Книга 1. Предиктивные мемуары
Глава 30. Надежда и будильник

Оглавление

– Развести на нехорошее несложно, если народ тупой, – сказал Бонда не вставая, – тем более что план, как стравить, был сто раз отработан в других регионах. Если уж хохлов умудрились раскачать, то уж наш-то край, где мечетей, пожалуй, поболе, чем православных церквей, а в любом классе половина – татары с башкирами, только в путь…
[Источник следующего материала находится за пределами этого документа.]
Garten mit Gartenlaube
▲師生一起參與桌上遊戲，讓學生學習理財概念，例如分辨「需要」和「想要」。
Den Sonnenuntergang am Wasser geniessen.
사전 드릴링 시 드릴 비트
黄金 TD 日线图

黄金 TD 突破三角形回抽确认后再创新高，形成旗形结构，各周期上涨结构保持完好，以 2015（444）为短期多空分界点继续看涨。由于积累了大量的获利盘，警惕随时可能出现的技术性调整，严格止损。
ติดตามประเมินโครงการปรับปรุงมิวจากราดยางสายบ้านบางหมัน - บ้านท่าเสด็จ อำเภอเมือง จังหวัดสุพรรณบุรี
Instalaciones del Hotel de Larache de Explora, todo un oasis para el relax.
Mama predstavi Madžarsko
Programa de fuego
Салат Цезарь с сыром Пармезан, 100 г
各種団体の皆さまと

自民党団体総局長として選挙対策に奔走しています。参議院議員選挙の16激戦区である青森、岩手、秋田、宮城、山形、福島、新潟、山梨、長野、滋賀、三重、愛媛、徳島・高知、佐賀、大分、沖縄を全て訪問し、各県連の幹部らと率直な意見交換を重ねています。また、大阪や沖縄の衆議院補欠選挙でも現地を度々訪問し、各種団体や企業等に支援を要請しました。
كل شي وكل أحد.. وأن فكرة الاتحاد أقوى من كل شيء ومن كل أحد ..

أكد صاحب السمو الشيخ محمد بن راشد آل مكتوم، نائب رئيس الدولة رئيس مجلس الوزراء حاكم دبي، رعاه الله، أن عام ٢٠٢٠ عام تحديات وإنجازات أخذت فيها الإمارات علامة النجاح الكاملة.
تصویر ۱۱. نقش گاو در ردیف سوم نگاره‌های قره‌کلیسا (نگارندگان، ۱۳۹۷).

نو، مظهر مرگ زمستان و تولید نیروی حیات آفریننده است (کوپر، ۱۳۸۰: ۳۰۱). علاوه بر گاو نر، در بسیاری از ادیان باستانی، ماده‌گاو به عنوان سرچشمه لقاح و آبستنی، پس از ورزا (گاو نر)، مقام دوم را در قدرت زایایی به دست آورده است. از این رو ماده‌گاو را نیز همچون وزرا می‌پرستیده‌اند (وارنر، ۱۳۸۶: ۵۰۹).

– У нас, кстати, так и началось, – согласился Рамиль. – В первую ночь сожгли поклонные, или как их, кресты на окраинах города. На вторую – мечеть.

– Вот даже не удивлюсь, если это сделали одни и те же люди, – усмехнулся Бонда. – Всегда говорил, что нельзя так демонстративно верить. Настоящая вера и религия пересекаются, но не у всех.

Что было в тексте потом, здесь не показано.